Division of Nephrology, Affiliated Hospital of Chengde Medical University, 36 Nanyingzi St, Shuangqiao Qu, Chengde, 067000, Hebei, China.
Int Urol Nephrol. 2021 Jan;53(1):111-119. doi: 10.1007/s11255-020-02633-5. Epub 2020 Sep 17.
The aim of this study was to evaluate the efficacy of rituximab therapy in the management of idiopathic membranous nephropathy (IMN).
After literature search, data from eligible studies were used to perform random-effects meta-analyses to estimate remission rates and changes in proteinuria at the latest follow-up after rituximab therapy. The outcomes were used for metaregression to identify the factors affecting the efficacy of rituximab.

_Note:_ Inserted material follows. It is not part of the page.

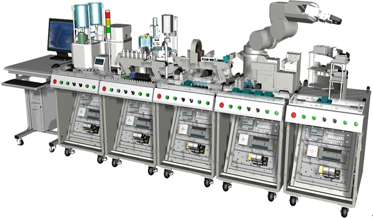 機電一體化綜合實(shí)訓考核系統是基于國家中長(cháng)期人才發(fā)展規劃綱要,對經(jīng)濟社會(huì )發(fā)展重點(diǎn)領(lǐng)域急需緊缺專(zhuān)門(mén)人才培養的需要,依據國家相關(guān)職業(yè)工種培養及鑒定標準,結合中國當前制造業(yè)的崗位需求設計研發(fā)。機電一體化綜合實(shí)訓考核系統由"工作站"形式綜合體現,"工作站"包含機電一體化"工作島",電氣裝配臺,機械裝配臺,工具、資料柜及其他附屬工作設施,不但讓操作者在工作中實(shí)習訓練了機電專(zhuān)業(yè)技能,同時(shí)也體驗到職業(yè)素養中的社會(huì )能力與方法能力。"工作站"的核心是"工作島",由MPS模塊化生產(chǎn)線(xiàn)設備組成,共分為液體混合灌裝、組裝加工、檢測判別、機器人和智能倉儲五個(gè)工作島設備組成,工作島由PLC、變頻器、伺服驅動(dòng)、步進(jìn)驅動(dòng)、氣動(dòng)元件、觸摸屏等工業(yè)控制器件構成,操作者需要具備機械裝調、電氣管路連接、程序設計、機器人操作、傳感器裝調、檢修排故、觸摸屏組態(tài)等現代制造業(yè)崗位必要的技能,設備技術(shù)涵蓋面廣,定位具有前瞻性,是機電一體化專(zhuān)業(yè)教學(xué)實(shí)習、技能鑒定和技能競賽的絕佳載體。

Twenty-one studies were included in the analysis (602 patients; age 50 years [95% CI 46.8, 53.3]; 30% females [95% CI 23, 31]). Follow-up duration was 20.3 months [95% CI 17.1, 23.5]. Remission rate (67% [95% CI 61, 73]) was higher in studies with below average baseline proteinuria (76% [95% CI 61, 88]) than in studies with above average baseline proteinuria (61% [95% CI 54, 68]). The complete and partial remission rates were 26% [95% CI 20, 33] and 37% [95% CI 31, 43], respectively. Rituximab therapy significantly reduced proteinuria (mean difference between final and baseline values: - 4.90 g/day [95% CI - 6.18, - 3.63]; p < 0.00001; % reduction: 62% [95% CI 57, 68]). The reduction in proteinuria was inversely associated with baseline serum albumin levels (p = 0.021) and the estimated glomerular filtration rate (p < 0.00001) and was positively associated with baseline proteinuria (p < 0.00001). The remission rate or decrease in proteinuria was not significantly related to the anti-PLAR antibody status or previous immunosuppressant therapy.
Rituximab therapy in IMN patients can provide approximately 67% remission rate. The reduction in proteinuria was greater in patients who had higher baseline proteinuria.
本研究旨在评估利妥昔单抗治疗特发性膜性肾病(IMN)的疗效。
通过文献检索,使用合格研究中的数据进行随机效应荟萃分析,以估计利妥昔单抗治疗后最新随访时的缓解率和蛋白尿变化。使用荟萃回归分析确定影响利妥昔单抗疗效的因素。
共纳入 21 项研究(602 例患者;年龄 50 岁[95%置信区间 46.8,53.3];30%为女性[95%置信区间 23,31])。随访时间为 20.3 个月[95%置信区间 17.1,23.5]。在蛋白尿基线水平较低的研究中(76%[95%置信区间 61,88%]),缓解率(67%[95%置信区间 61,73%])高于蛋白尿基线水平较高的研究(61%[95%置信区间 54,68%])。完全缓解率和部分缓解率分别为 26%[95%置信区间 20,33%]和 37%[95%置信区间 31,43%]。利妥昔单抗治疗显著降低蛋白尿(终末值与基线值差值:-4.90g/天[95%置信区间-6.18,-3.63];p<0.00001;%降低:62%[95%置信区间 57,68%])。蛋白尿降低与基线血清白蛋白水平(p=0.021)和估算肾小球滤过率(p<0.00001)呈负相关,与基线蛋白尿呈正相关(p<0.00001)。缓解率或蛋白尿降低与抗 PLAR 抗体状态或既往免疫抑制剂治疗无显著相关性。
利妥昔单抗治疗特发性膜性肾病患者可提供约 67%的缓解率。基线蛋白尿较高的患者蛋白尿降低幅度更大。